## DATA BELOW
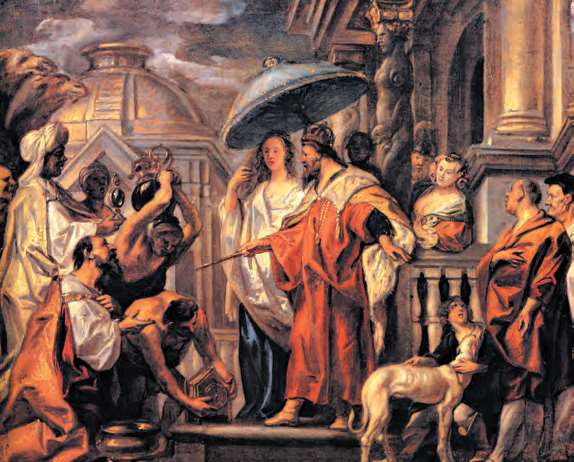 哈隆·拉希德是阿拉伯帝国阿拔斯王朝最著名的哈里发,因与法兰克国王查理曼结盟而蜚声西方,图为拉希德的贡使面见查理曼(Jacob Jordaens,1663年)[参见第46章]
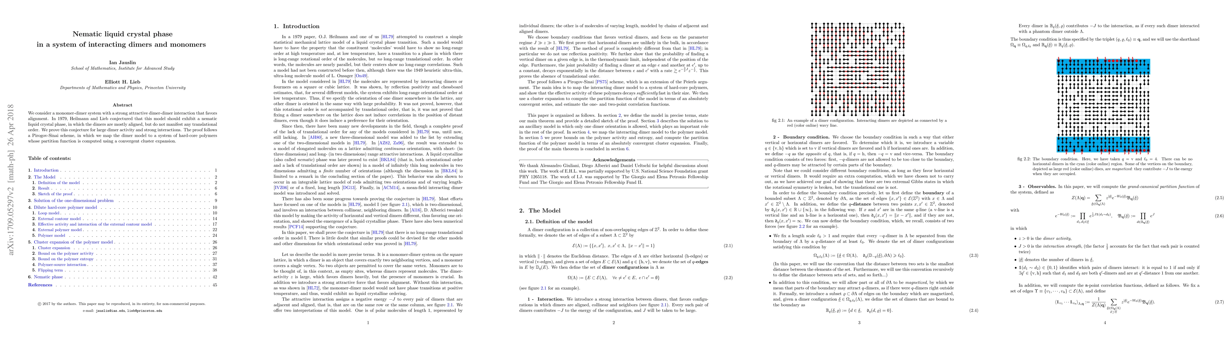 This paper proves the Heilmann-Lieb conjecture that a monomer-dimer system with strong dimer-dimer interactions exhibits a nematic liquid crystal phase, characterized by aligned dimers without translational order. The proof employs a Pirogov-Sinai scheme and a convergent cluster expansion to analyze the system.
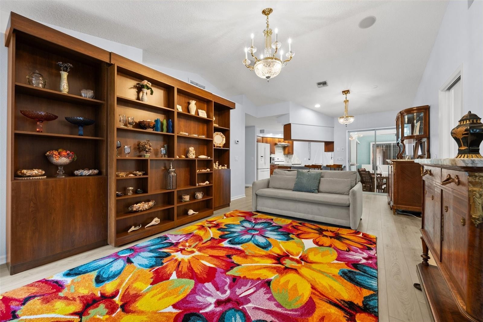 Beautifully updated and move-in ready, this 3-bedroom, 2-bath, 2-car garage pool home with a family room sits on an OVERSIZED LOT in the sought-after Artist Acres community. Ideally located just minutes from Historic Dearborn Street and directly across from Artist Acres Woods & Village, enjoy scenic walking trails, lush gardens, and tranquil ponds right outside your door. CLICK ON THE VIRTUAL TOUR LINK 1 FOR THE VIDEO AND VIRTUAL LINK 2 FOR THE 3D TOUR. Inside, you’ll love the bright, airy open floor plan featuring COREtec luxury vinyl flooring throughout, soaring vaulted and tray ceilings, and thoughtful updates at every turn. The open living and dining area is perfect for entertaining and flows seamlessly through glass sliders to the lanai, creating the ideal indoor-outdoor lifestyle. The kitchen is both stylish and functional, offering white appliances, granite countertops, a tiled backsplash, reverse osmosis system, closet pantry, abundant cabinetry, breakfast bar, and a convenient service window to the lanai—perfect for poolside gatherings. Just off the kitchen, the inviting family room with a gas fireplace adds warmth and versatility, making it an ideal space for relaxing or entertaining. Retreat to the spacious primary suite, complete with lanai access, his-and-hers walk-in closets, and a spa-inspired en-suite bathroom featuring a dual-sink vanity, linen closet, and an all-tile walk-in shower with multiple shower heads and glass enclosure. Guest bedrooms are thoughtfully positioned on a split floor plan, each with walk-in closets and easy access to a shared bath with direct lanai access. Step outside to your private oasis—sip morning coffee or unwind in the evening on the lanai, take a refreshing dip in the sparkling private pool, or lounge on the sun-drenched pool deck. The large, beautifully landscaped backyard offers endless possibilities and includes a shed for lawn and garden storage. 2023 METAL ROOF - OWNED SOLAR - KITCHEN REVERSE OSMOSIS SYSTEM - UPDATED MASTER BATHROOM - UPDATED KITCHEN. Minutes to nearby shopping, dining, LIVE entertainment, fishing, boating, biking, & MORE! Also, it is just a short drive to Award award-winning beaches such as Englewood Beach, Stump Pass Beach, and Manasota Key. Schedule your showing TODAY!
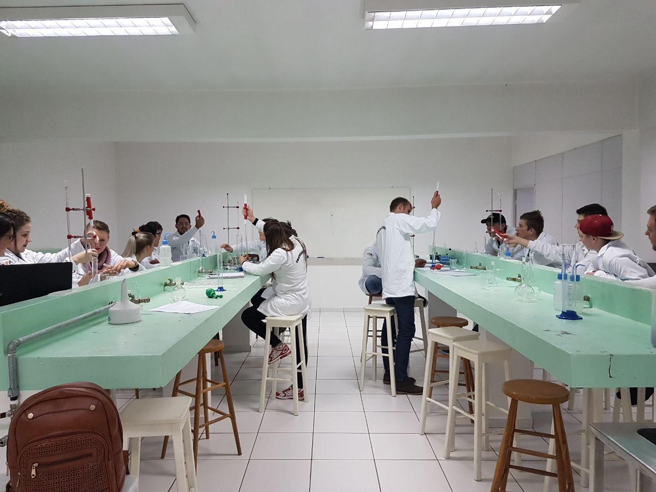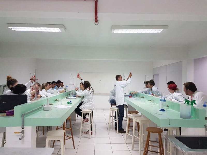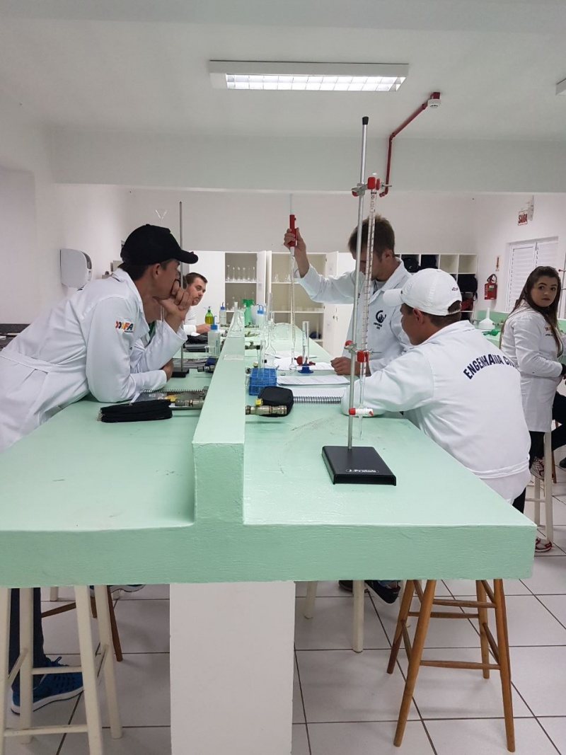 Os acadêmicos do segundo semestre de Engenharia Civil do Centro Universitário FAI participaram na última semana de atividades práticas no Laboratório de Química.

## PROBLEM TO WORK ON
Without changing a word, transcribe all of the data and omit its images.

## YOUR SOLUTION
 哈隆·拉希德是阿拉伯帝国阿拔斯王朝最著名的哈里发,因与法兰克国王查理曼结盟而蜚声西方,图为拉希德的贡使面见查理曼(Jacob Jordaens,1663年)[参见第46章]
 This paper proves the Heilmann-Lieb conjecture that a monomer-dimer system with strong dimer-dimer interactions exhibits a nematic liquid crystal phase, characterized by aligned dimers without translational order. The proof employs a Pirogov-Sinai scheme and a convergent cluster expansion to analyze the system.
 Beautifully updated and move-in ready, this 3-bedroom, 2-bath, 2-car garage pool home with a family room sits on an OVERSIZED LOT in the sought-after Artist Acres community. Ideally located just minutes from Historic Dearborn Street and directly across from Artist Acres Woods & Village, enjoy scenic walking trails, lush gardens, and tranquil ponds right outside your door. CLICK ON THE VIRTUAL TOUR LINK 1 FOR THE VIDEO AND VIRTUAL LINK 2 FOR THE 3D TOUR. Inside, you’ll love the bright, airy open floor plan featuring COREtec luxury vinyl flooring throughout, soaring vaulted and tray ceilings, and thoughtful updates at every turn. The open living and dining area is perfect for entertaining and flows seamlessly through glass sliders to the lanai, creating the ideal indoor-outdoor lifestyle. The kitchen is both stylish and functional, offering white appliances, granite countertops, a tiled backsplash, reverse osmosis system, closet pantry, abundant cabinetry, breakfast bar, and a convenient service window to the lanai—perfect for poolside gatherings. Just off the kitchen, the inviting family room with a gas fireplace adds warmth and versatility, making it an ideal space for relaxing or entertaining. Retreat to the spacious primary suite, complete with lanai access, his-and-hers walk-in closets, and a spa-inspired en-suite bathroom featuring a dual-sink vanity, linen closet, and an all-tile walk-in shower with multiple shower heads and glass enclosure. Guest bedrooms are thoughtfully positioned on a split floor plan, each with walk-in closets and easy access to a shared bath with direct lanai access. Step outside to your private oasis—sip morning coffee or unwind in the evening on the lanai, take a refreshing dip in the sparkling private pool, or lounge on the sun-drenched pool deck. The large, beautifully landscaped backyard offers endless possibilities and includes a shed for lawn and garden storage. 2023 METAL ROOF - OWNED SOLAR - KITCHEN REVERSE OSMOSIS SYSTEM - UPDATED MASTER BATHROOM - UPDATED KITCHEN. Minutes to nearby shopping, dining, LIVE entertainment, fishing, boating, biking, & MORE! Also, it is just a short drive to Award award-winning beaches such as Englewood Beach, Stump Pass Beach, and Manasota Key. Schedule your showing TODAY!
 Os acadêmicos do segundo semestre de Engenharia Civil do Centro Universitário FAI participaram na última semana de atividades práticas no Laboratório de Química.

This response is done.